Louis CK has a new stand-up comedy concert film (why aren't we calling it a special? foreshadowing!) debuting on Showtime on Saturday, Oct. 4. It's called Chewed Up and refers to a NSFW part of anatomy, and anyone familiar with CK knows that his brutally honest comedy is also quite brutally funny. More than a few people, including Ricky Gervais, have called him the best American stand-up comedian working today. I'm not going to disagree with that. Louis CK can walk onstage and just talk about whatever is on his mind and you'll find yourself laughing along with him, and as he told me earlier today, that's an integral part of his writing process. What do I mean by that? Read on, my friends. Read on.
First, a clip! Not Safe For Work, obviously:
OK. Louis CK has divulged a lot of great insight into his own life, work and comedy in the past couple of months to such folks as XM's Unmasked, The Sound of Young America (audio embedded after the jump), and A Special Thing. I wanted to get his thoughts on the fact that his longtime friend and comedy partner, Chris Rock, also tackled the nature of the words "fa&&ot" and "ni&&er" in his new special, but CK told me he hadn't seen Rock's HBO special yet. So that will have to wait. But talking about his writing process, directing and editing Chewed Up, his new stab at a family sitcom on CBS, and communicating with fans? Let's get to it!
Your act always has seemed brutally honest, even going back to your 1995 Young Comedians Special. When did you decide to get even more personal and honest onstage? "I've never decided generally to do anything. I think a lot of years went by. I've done this for 23 years now. At some point…you stop living from joke to joke. Why don't I actually try to move a few steps forward and try stuff I don't know is going to work? Once you do that a few times and succeed at it, you're not really afraid anymore."
"But when? I think once I had kids that was a big part of it...(there's a knock at the door, his door)...Hold on, I've got to put some pants on...2004. I had done a half-hour for Comedy Central, in like 2002 or something, and I felt that I had burned a lot of my material that I'd done for a long time, and I felt I needed to sit down and start from scratch."
You're listed as editor and co-director on Chewed Up. How much control did you want to have over the look and feel of this special this time around? "I think a lot of specials, people get carried away with the word "special." There's a temptation to make yourself look like a star. They say they make you want to look like a rock star when you come out. I'm not a rock star. So, why? They put chandeliers in the theater and the place gets bigger and bigger, and the comic gets smaller and smaller. They make everything brighter so you can see everyone in the audience, and then they'll cut to people in the audience for their reactions."

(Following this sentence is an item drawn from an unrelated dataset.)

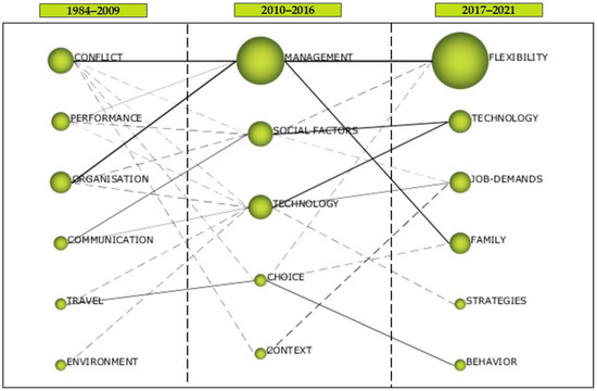 Once the evolution of the keywords is known, we set out to carry out a longitudinal analysis of telework-related research. To do this, we used longitudinal maps (Figure 3). These provided us with different perspectives on how the topics evolved in each of the periods. Firstly, we can see with which topics the first research started (Figure 3—left) and what the current trends are (Figure 3—right). On the other hand, the size of the spheres representing the clusters related to a topic provides an idea of the importance of that cluster. In our case, the size of the spheres represents the number of documents published. Finally, the evolution of the topics is symbolised by the lines connecting the different clusters. Having made this brief explanation of the procedure, we note that, from a longitudinal point of view, it can be observed that the main research contribution both quantitatively (number of documents) and qualitatively (impact of publications) is offered by the clusters related to conflict, management and labour flexibility policies (time axis Conflict–Management–Flexibility).

That's not what he wanted. Nor what he thought marked a great stand-up comedy special. "Richard Pryor: Live in Concert, and Bill Cosby: Himself are the greatest. All of Carlin's specials are great in their own way. But those two are the hallmark. It's just a dude on stage doing his act. For a bulk of the material, there's no backdrop. I wanted it to feel like a live concert. Not a television event."
"As for editing it myself. I wouldn't have done it if I didn't have that experience already in television. It's something I know how to do."
There's a camera angle in particular that strikes me, when you cut to a spot behind you on the stage, looking up from the floor, and we see you in the spotlight, talking into the darkness. How does your act change when you're on a large theater stage like that, compared to an intimate comedy club when you can see the audience's faces?
"You still feel the audience reactions...Every year I still am on the road, I'm preparing to make the next hour better...In the theater it's more of a presentation. To me you need both, because in the clubs you have an idea of how strong the material is and how good it is, but in the theater, you can let it breathe more...It's like clubs are 80 percent grit-sandpaper, and theaters are like 220-grit."
I've heard you talk about a need to find audiences who don't know you or aren't quite loyal fans of yours so you can test material.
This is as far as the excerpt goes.